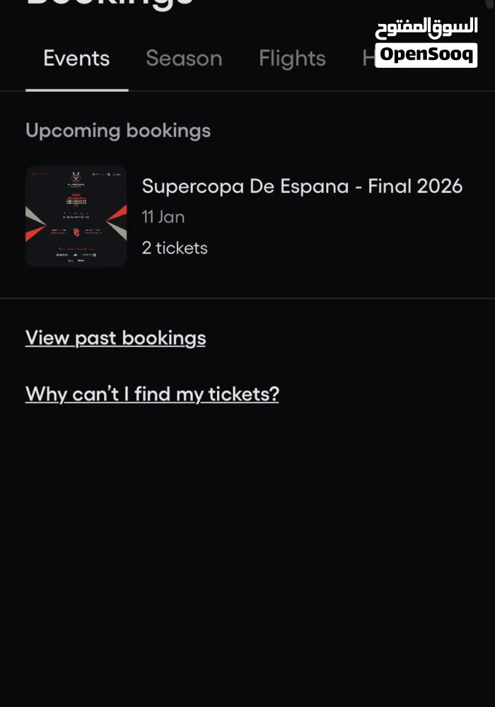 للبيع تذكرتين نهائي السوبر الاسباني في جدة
:::::
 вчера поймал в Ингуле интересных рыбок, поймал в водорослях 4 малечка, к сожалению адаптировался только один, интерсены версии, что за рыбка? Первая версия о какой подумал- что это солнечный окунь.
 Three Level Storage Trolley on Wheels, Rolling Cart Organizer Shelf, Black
:::::
▶ **Exercise goal**: Your task for the entries above: copy exactly the span starting with the line with "вчера поймал в" and going on through the line with "Three Level Storage", both lines included, and nothing else.

▶ **Response below**:
 вчера поймал в Ингуле интересных рыбок, поймал в водорослях 4 малечка, к сожалению адаптировался только один, интерсены версии, что за рыбка? Первая версия о какой подумал- что это солнечный окунь.
 Three Level Storage Trolley on Wheels, Rolling Cart Organizer Shelf, Black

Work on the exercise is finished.